# [What to work on]
Go through the entries and transcribe each one exactly, dropping the pictures.

# [Exercise input]
⁂

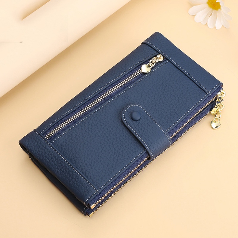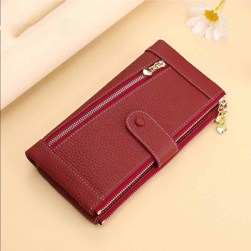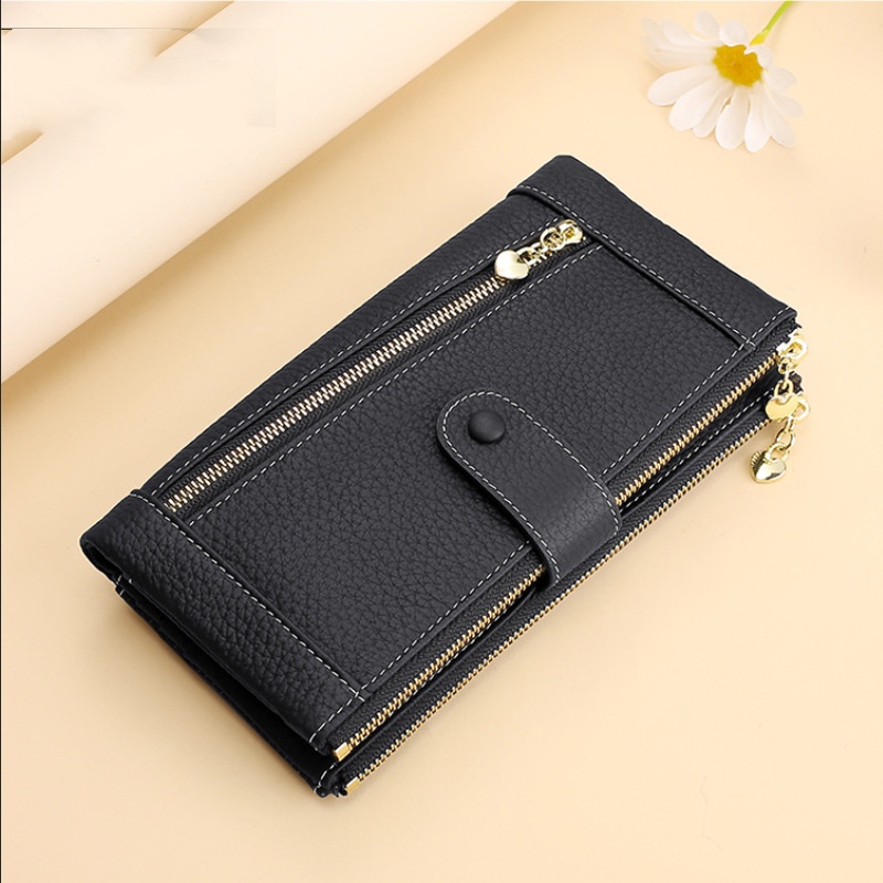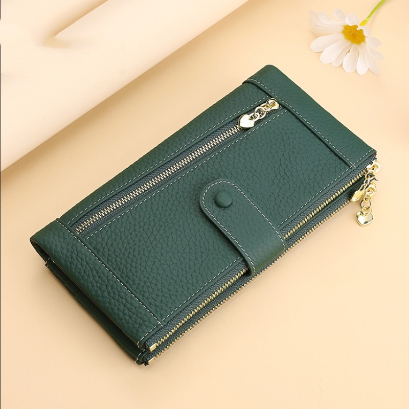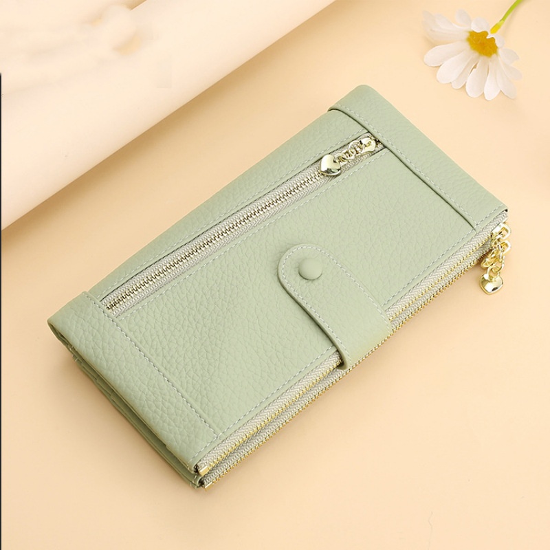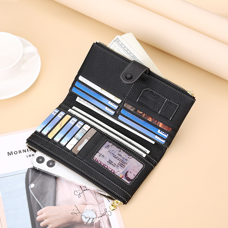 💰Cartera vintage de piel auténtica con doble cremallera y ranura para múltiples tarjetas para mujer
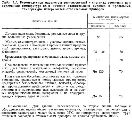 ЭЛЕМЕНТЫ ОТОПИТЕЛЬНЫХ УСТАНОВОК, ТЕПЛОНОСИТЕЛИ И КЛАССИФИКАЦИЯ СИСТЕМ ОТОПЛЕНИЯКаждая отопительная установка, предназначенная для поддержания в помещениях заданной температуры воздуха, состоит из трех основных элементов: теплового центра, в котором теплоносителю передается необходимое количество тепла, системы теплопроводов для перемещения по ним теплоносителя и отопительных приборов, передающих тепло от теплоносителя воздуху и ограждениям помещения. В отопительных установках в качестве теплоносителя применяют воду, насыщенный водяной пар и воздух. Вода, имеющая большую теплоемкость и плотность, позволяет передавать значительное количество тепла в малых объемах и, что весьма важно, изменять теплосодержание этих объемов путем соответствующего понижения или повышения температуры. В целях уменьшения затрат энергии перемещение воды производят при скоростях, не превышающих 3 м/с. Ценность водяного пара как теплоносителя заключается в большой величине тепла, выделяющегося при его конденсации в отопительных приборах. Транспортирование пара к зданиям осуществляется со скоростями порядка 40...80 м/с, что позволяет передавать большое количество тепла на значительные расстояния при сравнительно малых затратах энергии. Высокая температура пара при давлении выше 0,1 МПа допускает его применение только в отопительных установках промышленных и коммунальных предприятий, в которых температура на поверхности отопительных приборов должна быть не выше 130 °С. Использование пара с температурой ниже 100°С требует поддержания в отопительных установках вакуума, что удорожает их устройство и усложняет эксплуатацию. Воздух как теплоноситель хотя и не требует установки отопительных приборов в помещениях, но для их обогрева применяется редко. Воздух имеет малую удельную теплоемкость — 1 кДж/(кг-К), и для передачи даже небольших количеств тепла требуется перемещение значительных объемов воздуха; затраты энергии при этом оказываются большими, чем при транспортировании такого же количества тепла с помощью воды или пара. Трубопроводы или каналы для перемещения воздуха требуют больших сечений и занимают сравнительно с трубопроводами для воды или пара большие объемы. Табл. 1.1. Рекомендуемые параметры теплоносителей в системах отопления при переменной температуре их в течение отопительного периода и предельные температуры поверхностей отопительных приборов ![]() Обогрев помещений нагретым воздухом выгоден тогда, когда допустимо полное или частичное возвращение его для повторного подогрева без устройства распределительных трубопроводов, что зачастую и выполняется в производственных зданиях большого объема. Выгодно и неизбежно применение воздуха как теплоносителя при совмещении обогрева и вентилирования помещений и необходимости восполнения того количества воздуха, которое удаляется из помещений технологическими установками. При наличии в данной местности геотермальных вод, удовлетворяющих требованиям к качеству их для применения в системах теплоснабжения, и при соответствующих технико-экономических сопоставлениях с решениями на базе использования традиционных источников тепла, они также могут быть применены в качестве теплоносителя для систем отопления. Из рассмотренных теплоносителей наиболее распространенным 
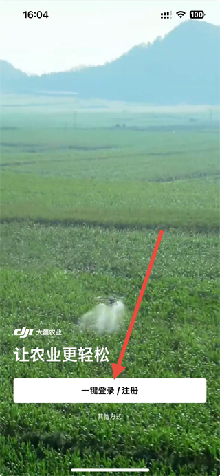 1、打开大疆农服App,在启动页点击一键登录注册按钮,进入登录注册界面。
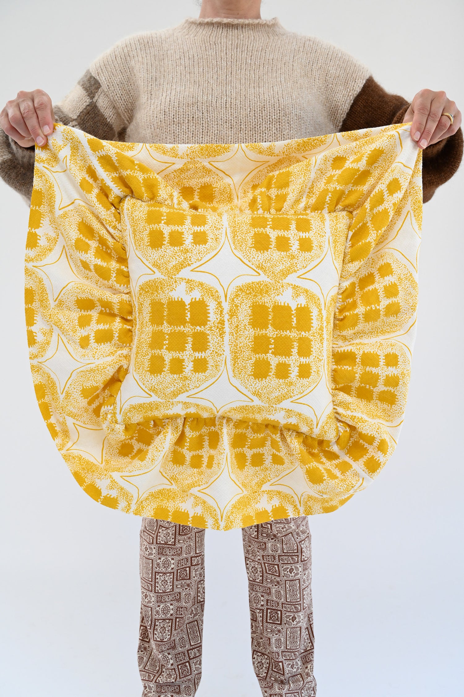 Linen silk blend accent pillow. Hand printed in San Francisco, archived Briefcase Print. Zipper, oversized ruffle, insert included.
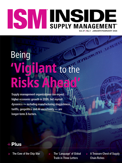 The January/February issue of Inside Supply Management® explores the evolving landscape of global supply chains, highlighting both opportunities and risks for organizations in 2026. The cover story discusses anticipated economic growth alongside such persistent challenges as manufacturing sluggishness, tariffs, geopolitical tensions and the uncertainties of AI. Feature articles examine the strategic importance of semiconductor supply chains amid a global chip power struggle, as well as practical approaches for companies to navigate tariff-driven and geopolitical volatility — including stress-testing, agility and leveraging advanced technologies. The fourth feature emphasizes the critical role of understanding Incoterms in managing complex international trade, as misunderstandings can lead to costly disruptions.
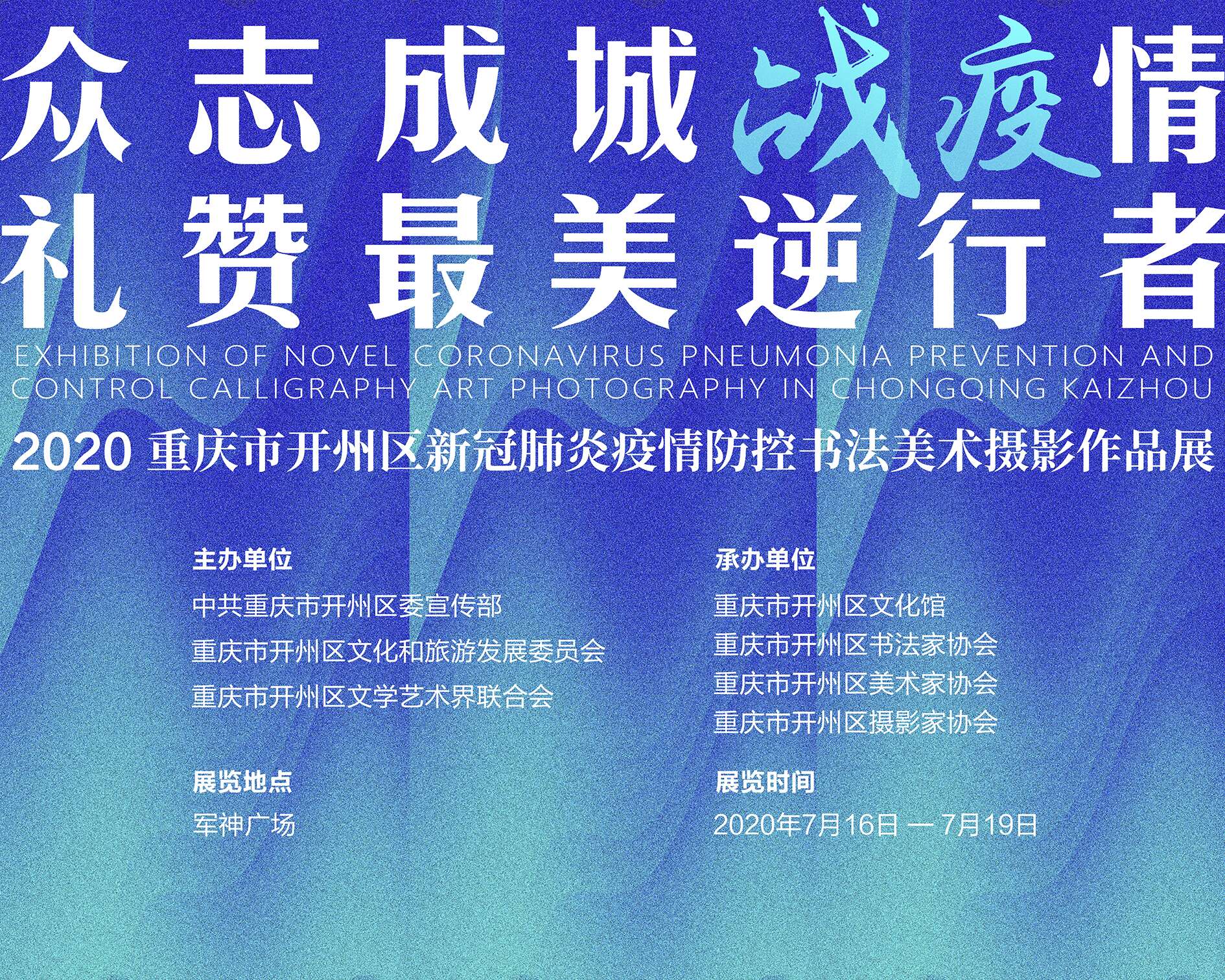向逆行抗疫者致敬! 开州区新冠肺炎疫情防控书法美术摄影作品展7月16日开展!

⁂

# [Result of this exercise]
 💰Cartera vintage de piel auténtica con doble cremallera y ranura para múltiples tarjetas para mujer
 ЭЛЕМЕНТЫ ОТОПИТЕЛЬНЫХ УСТАНОВОК, ТЕПЛОНОСИТЕЛИ И КЛАССИФИКАЦИЯ СИСТЕМ ОТОПЛЕНИЯКаждая отопительная установка, предназначенная для поддержания в помещениях заданной температуры воздуха, состоит из трех основных элементов: теплового центра, в котором теплоносителю передается необходимое количество тепла, системы теплопроводов для перемещения по ним теплоносителя и отопительных приборов, передающих тепло от теплоносителя воздуху и ограждениям помещения. В отопительных установках в качестве теплоносителя применяют воду, насыщенный водяной пар и воздух. Вода, имеющая большую теплоемкость и плотность, позволяет передавать значительное количество тепла в малых объемах и, что весьма важно, изменять теплосодержание этих объемов путем соответствующего понижения или повышения температуры. В целях уменьшения затрат энергии перемещение воды производят при скоростях, не превышающих 3 м/с. Ценность водяного пара как теплоносителя заключается в большой величине тепла, выделяющегося при его конденсации в отопительных приборах. Транспортирование пара к зданиям осуществляется со скоростями порядка 40...80 м/с, что позволяет передавать большое количество тепла на значительные расстояния при сравнительно малых затратах энергии. Высокая температура пара при давлении выше 0,1 МПа допускает его применение только в отопительных установках промышленных и коммунальных предприятий, в которых температура на поверхности отопительных приборов должна быть не выше 130 °С. Использование пара с температурой ниже 100°С требует поддержания в отопительных установках вакуума, что удорожает их устройство и усложняет эксплуатацию. Воздух как теплоноситель хотя и не требует установки отопительных приборов в помещениях, но для их обогрева применяется редко. Воздух имеет малую удельную теплоемкость — 1 кДж/(кг-К), и для передачи даже небольших количеств тепла требуется перемещение значительных объемов воздуха; затраты энергии при этом оказываются большими, чем при транспортировании такого же количества тепла с помощью воды или пара. Трубопроводы или каналы для перемещения воздуха требуют больших сечений и занимают сравнительно с трубопроводами для воды или пара большие объемы. Табл. 1.1. Рекомендуемые параметры теплоносителей в системах отопления при переменной температуре их в течение отопительного периода и предельные температуры поверхностей отопительных приборов ![]() Обогрев помещений нагретым воздухом выгоден тогда, когда допустимо полное или частичное возвращение его для повторного подогрева без устройства распределительных трубопроводов, что зачастую и выполняется в производственных зданиях большого объема. Выгодно и неизбежно применение воздуха как теплоносителя при совмещении обогрева и вентилирования помещений и необходимости восполнения того количества воздуха, которое удаляется из помещений технологическими установками. При наличии в данной местности геотермальных вод, удовлетворяющих требованиям к качеству их для применения в системах теплоснабжения, и при соответствующих технико-экономических сопоставлениях с решениями на базе использования традиционных источников тепла, они также могут быть применены в качестве теплоносителя для систем отопления. Из рассмотренных теплоносителей наиболее распространенным 
 1、打开大疆农服App,在启动页点击一键登录注册按钮,进入登录注册界面。
 Linen silk blend accent pillow. Hand printed in San Francisco, archived Briefcase Print. Zipper, oversized ruffle, insert included.
 The January/February issue of Inside Supply Management® explores the evolving landscape of global supply chains, highlighting both opportunities and risks for organizations in 2026. The cover story discusses anticipated economic growth alongside such persistent challenges as manufacturing sluggishness, tariffs, geopolitical tensions and the uncertainties of AI. Feature articles examine the strategic importance of semiconductor supply chains amid a global chip power struggle, as well as practical approaches for companies to navigate tariff-driven and geopolitical volatility — including stress-testing, agility and leveraging advanced technologies. The fourth feature emphasizes the critical role of understanding Incoterms in managing complex international trade, as misunderstandings can lead to costly disruptions.
向逆行抗疫者致敬! 开州区新冠肺炎疫情防控书法美术摄影作品展7月16日开展!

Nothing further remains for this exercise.